I want to make photos of some furniture items as close as what they do in expensive catalogs. I have two lamps 500 watts each but these cast sharp shadows. I made two large reflectors using aluminum foil but these don't give enough lighting. Furniture is coated with woodgrain-like coating which is not embossed and is fairly reflective, so if there isn't a huge amount of light, it looks almost like it's solid color.

I ordered an umbrella and I'm waiting for it now but I was hoping to get some advice from experienced folks!

Do I need more powerful light? More umbrellas?

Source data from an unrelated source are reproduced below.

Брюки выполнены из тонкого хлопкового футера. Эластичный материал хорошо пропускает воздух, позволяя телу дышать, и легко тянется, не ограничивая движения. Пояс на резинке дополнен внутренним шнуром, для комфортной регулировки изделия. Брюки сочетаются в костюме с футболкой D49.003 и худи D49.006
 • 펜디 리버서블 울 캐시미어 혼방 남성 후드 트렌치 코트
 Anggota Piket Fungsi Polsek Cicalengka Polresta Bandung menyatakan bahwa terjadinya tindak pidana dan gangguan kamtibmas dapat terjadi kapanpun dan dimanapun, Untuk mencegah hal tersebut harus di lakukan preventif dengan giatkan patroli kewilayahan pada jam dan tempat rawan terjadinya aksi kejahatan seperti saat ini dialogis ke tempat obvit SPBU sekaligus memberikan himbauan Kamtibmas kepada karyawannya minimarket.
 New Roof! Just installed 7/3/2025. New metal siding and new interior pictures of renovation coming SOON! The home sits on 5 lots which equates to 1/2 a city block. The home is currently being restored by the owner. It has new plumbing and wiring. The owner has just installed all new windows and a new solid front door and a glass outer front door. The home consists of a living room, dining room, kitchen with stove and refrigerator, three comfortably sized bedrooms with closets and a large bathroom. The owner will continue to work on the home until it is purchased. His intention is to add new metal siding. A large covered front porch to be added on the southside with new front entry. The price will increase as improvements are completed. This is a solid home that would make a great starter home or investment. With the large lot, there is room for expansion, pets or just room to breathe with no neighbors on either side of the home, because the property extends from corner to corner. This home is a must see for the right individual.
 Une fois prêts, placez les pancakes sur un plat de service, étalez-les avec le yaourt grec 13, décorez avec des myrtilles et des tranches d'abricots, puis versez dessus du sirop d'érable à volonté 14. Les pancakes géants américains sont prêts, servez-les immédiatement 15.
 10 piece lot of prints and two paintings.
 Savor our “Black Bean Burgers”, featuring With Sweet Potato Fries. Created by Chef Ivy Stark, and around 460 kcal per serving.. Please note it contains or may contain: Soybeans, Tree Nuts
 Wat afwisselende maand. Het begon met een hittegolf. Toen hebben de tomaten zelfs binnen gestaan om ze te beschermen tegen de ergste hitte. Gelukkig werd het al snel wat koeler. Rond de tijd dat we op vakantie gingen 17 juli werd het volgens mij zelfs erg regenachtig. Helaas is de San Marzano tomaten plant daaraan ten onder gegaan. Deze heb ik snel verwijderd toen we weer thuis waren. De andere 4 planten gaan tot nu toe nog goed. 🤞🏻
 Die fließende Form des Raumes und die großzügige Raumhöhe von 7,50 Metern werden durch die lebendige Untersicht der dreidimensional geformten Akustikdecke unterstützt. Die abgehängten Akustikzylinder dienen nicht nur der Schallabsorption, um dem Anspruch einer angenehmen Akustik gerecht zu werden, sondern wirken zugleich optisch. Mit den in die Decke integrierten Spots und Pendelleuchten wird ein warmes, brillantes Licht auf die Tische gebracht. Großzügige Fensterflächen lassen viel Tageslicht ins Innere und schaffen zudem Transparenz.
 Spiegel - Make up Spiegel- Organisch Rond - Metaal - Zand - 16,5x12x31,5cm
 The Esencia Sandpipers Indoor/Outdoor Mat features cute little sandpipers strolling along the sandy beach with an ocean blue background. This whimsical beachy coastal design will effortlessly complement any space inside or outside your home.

I also ordered a tripod, and I hope to try to take picture with longer shutter speed (is that how it's called?)..

Is umbrella used to cast the light that is uniform enough for background to be cut out in photoshop using magic wand? I see in catalogs they sometimes have pieces of furniture on perfectly white background, I assume they cut it out somehow? I tried doing it in photoshop with quickmask but it doesn't look very good, you can see a little specks of background in some spots and in others I cut too much and it looks like the chest was gnawed on by termites.

Thanks,

 - Andrei


----------



## Dew (Jul 31, 2003)

im not sure how everybody does it, but i've watched my hubby complete a catelog for a toy company and it was lots of photoshop work... im sure u can almost attain the same results with the proper lighting ... he even had to fake shadows   ... and used lots of layers in photoshop for color richness...  keeping in mind that most of the time, the photos have to go to print and the client wants to represent their product under the best "light"


just one piece of advice for ya, in these catelogs, dont beleive that everything u see is "real"


----------



## riany (Aug 1, 2003)

Thanks Dew, I'll try photoshopping the hell out of it..


----------



## metroshane (Aug 1, 2003)

You also want to stay away from the sharp light.  If you have just two 500Watt lamps (too strong in my opinion) try hanging a white sheet in front of them to difuse the light.


----------